***** EXTRACTED MATERIAL *****

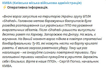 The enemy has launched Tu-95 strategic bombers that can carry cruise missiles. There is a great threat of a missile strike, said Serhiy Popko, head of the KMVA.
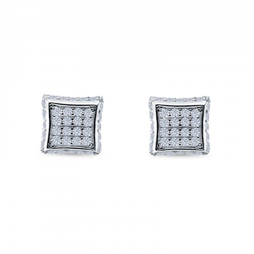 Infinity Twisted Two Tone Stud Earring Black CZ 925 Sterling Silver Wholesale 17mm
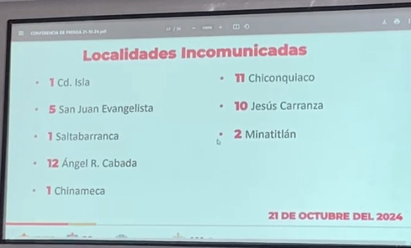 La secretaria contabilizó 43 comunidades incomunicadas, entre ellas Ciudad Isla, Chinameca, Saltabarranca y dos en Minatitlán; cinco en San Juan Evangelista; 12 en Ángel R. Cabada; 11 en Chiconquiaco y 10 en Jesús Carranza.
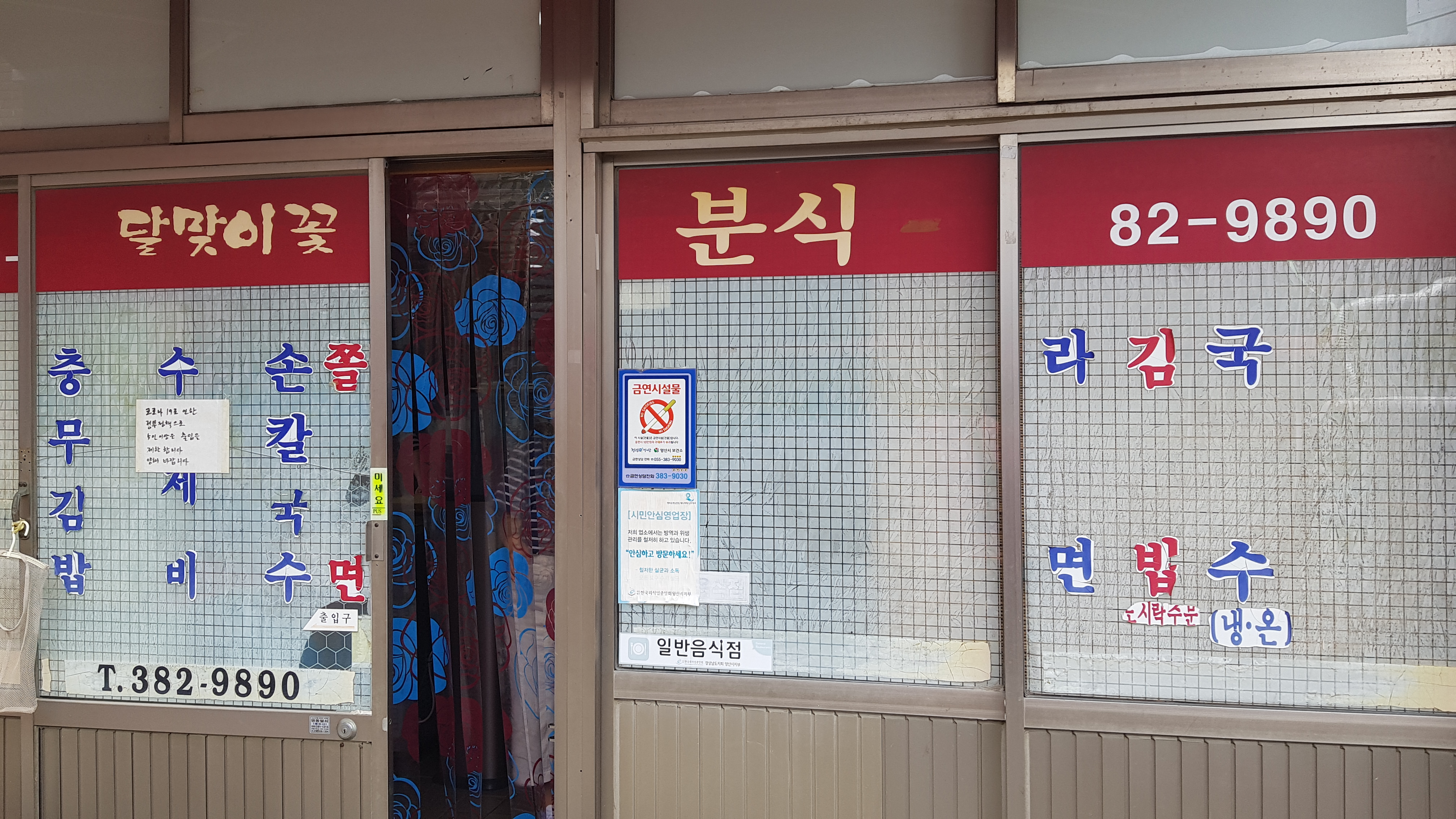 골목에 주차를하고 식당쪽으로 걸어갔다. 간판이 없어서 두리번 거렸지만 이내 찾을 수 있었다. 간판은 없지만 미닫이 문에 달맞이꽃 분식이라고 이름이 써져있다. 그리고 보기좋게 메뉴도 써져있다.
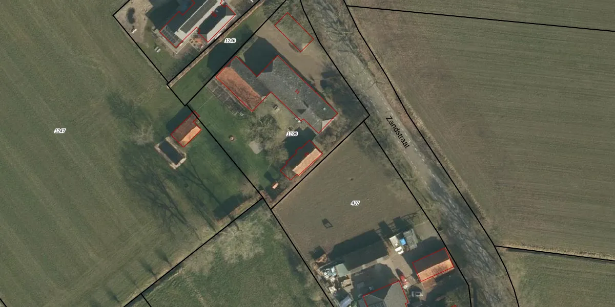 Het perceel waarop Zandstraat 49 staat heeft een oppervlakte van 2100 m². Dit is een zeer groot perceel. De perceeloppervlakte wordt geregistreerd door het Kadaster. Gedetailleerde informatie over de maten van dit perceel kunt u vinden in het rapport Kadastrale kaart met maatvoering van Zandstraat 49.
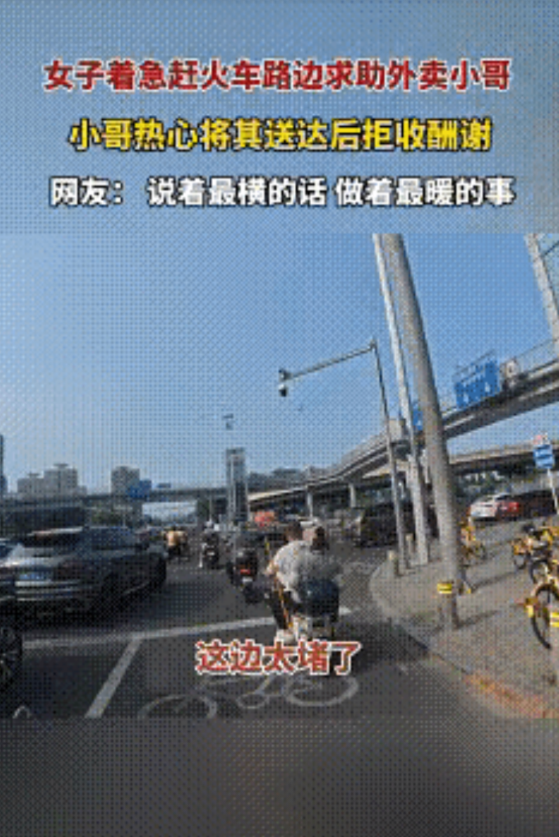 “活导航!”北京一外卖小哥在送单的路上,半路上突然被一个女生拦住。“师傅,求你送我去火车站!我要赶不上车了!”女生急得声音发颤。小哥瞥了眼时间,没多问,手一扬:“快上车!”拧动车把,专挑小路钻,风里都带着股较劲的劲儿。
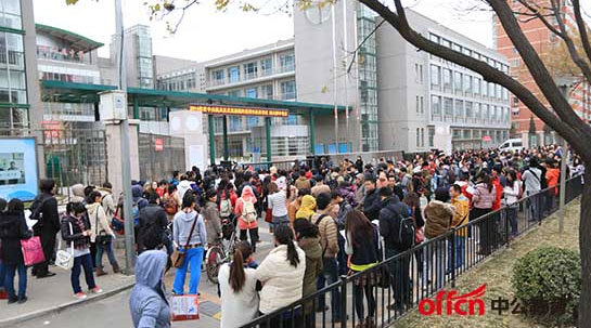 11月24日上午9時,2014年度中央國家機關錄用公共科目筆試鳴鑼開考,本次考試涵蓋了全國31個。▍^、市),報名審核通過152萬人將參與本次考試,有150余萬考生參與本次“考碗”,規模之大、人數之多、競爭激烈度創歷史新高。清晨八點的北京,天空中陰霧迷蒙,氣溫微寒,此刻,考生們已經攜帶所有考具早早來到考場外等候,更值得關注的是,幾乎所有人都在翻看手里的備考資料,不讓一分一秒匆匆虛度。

*****

● GOAL OF THE EXERCISE: Reproduce verbatim the opening line of the material and every line after it, up to and including the line with "골목에 주차를하고 식당쪽으로", but no pictures.

● EXPECTED ANSWER:
 The enemy has launched Tu-95 strategic bombers that can carry cruise missiles. There is a great threat of a missile strike, said Serhiy Popko, head of the KMVA.
 Infinity Twisted Two Tone Stud Earring Black CZ 925 Sterling Silver Wholesale 17mm
 La secretaria contabilizó 43 comunidades incomunicadas, entre ellas Ciudad Isla, Chinameca, Saltabarranca y dos en Minatitlán; cinco en San Juan Evangelista; 12 en Ángel R. Cabada; 11 en Chiconquiaco y 10 en Jesús Carranza.
 골목에 주차를하고 식당쪽으로 걸어갔다. 간판이 없어서 두리번 거렸지만 이내 찾을 수 있었다. 간판은 없지만 미닫이 문에 달맞이꽃 분식이라고 이름이 써져있다. 그리고 보기좋게 메뉴도 써져있다.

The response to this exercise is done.